Celebrate your engagement. Before announcing that you’re engaged, decide who should be told first. Once you’ve revealed the news to both sets of parents, help them get to know each other better. Have them participate in an interactive activity like a barbecue or sports game, to encourage conversation. Be prepared for the many questions people will ask you once they hear you’re engaged, and practice giving your answers in advance so you won’t be caught off-guard. Throw an engagement party for people who will also be invited to your wedding.
Learn all you can.

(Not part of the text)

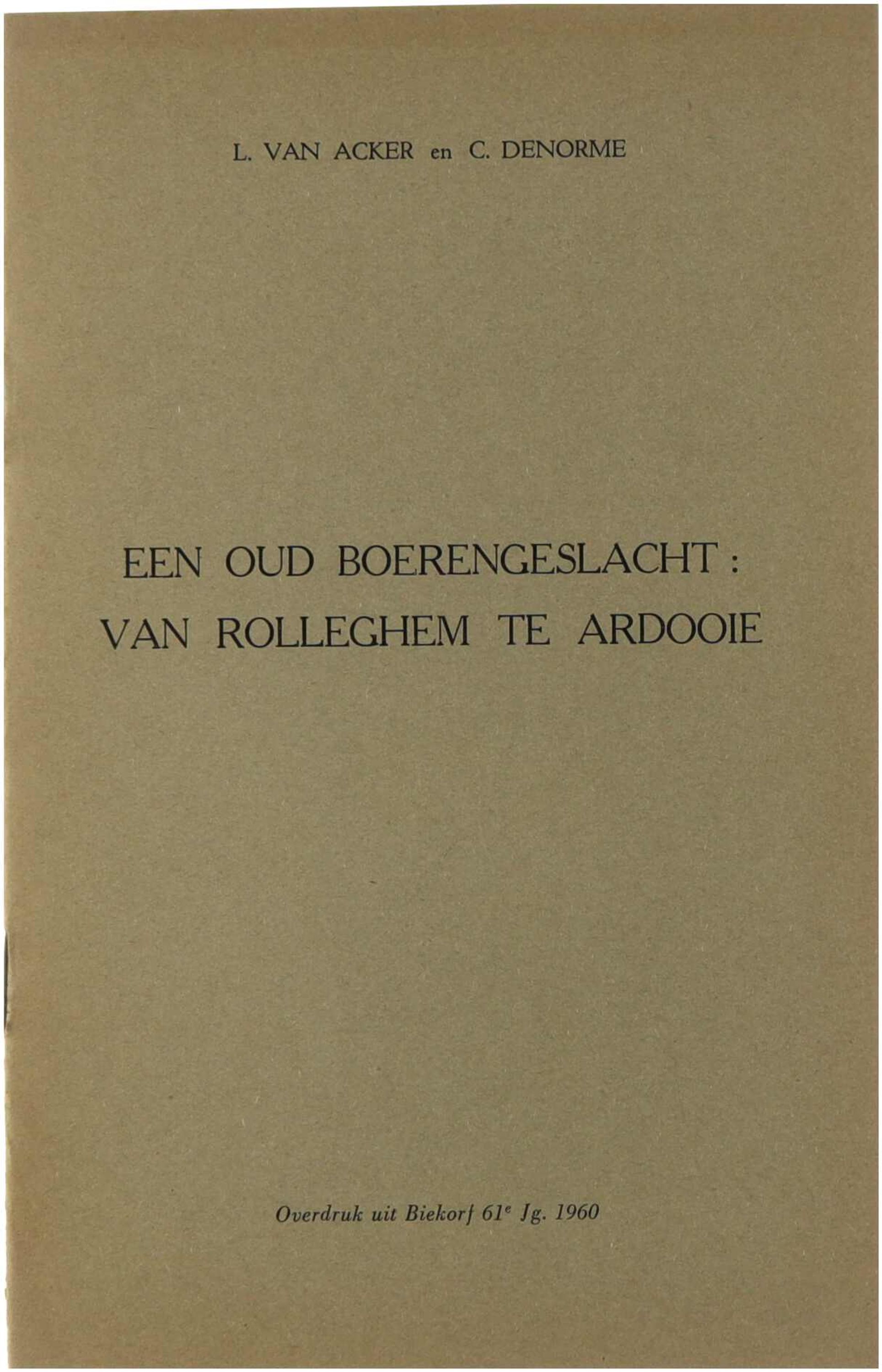 Een oud boerengeslacht: van Rolleghem te Ardooie” is een genealogische en heemkundige studie waarin L. Van Acker en C. Denorme de geschiedenis reconstrueren van het boerengeslacht Van Rolleghem in Ardooie. Op basis van archiefonderzoek wordt de afkomst, familiale ontwikkeling en sociaal-economische positie van de familie geschetst over meerdere generaties. Het artikel belicht tevens het landbouwleven en de dorpsstructuren waarin het geslacht functioneerde en draagt zo bij tot de kennis van de plattelandsgeschiedenis in West-Vlaanderen. De bijdrage verscheen oorspronkelijk in het tijdschrift Biekorf en werd later als overdruk verspreid.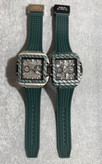 / مشکی کامل / بند سبزقاب استیل سبز / بند سبز قاب سبز / بندسورمه ای وسط تصویر / مشکی صفحه روشن / مشکی قاب رزگلد

Begin premarital counseling to think about, discuss, and pray through important issues you’ll need to deal with in your marriage, such as: communication, conflict resolution, personality issues, financial management, sexual expectations, marital satisfaction, leisure activities, children and parenting, family and friends, role relationships, and spiritual beliefs. Seek to create a framework for merging your separate lives into one shared life. Read books about marriage together. Ask a couple with a strong marriage that you admire to mentor you and your fiancé. Consider whether or not a prenuptial agreement would be wise for you and your fiancé.
Do it your way. Don’t feel pressured to please your family and friends if they don’t agree with some of your choices; remember that your wedding should reflect what’s most important to you and your fiancé. Work with him to decide what type of wedding experience best symbolizes the kind of life you want to share together. Privately discuss what’s important to you, and then present a united front to your family and friends. Be clear and upfront, yet respectful, when communicating your desires to them. Keep in mind that if your parents are paying for the wedding and insist that something be done their way, you may need to pay for the wedding yourself to avoid conflict. Pray for peace as you make your plans. Incorporate some old traditions that are meaningful for you and your fiancé into your wedding plans, and feel free to start new traditions as well. Consider creating a theme for your wedding.
Look to the future instead of the past. Deal openly and honestly with the baggage you and your fiancé are bringing into your marriage: Perhaps one or both of you has been married before, you and he might have issues from your backgrounds that require healing and reconciliation, or maybe you all have divorced parents who don’t get along and could spoil your wedding plans. Ask God to give you realistic expectations and help you resolve conflicts.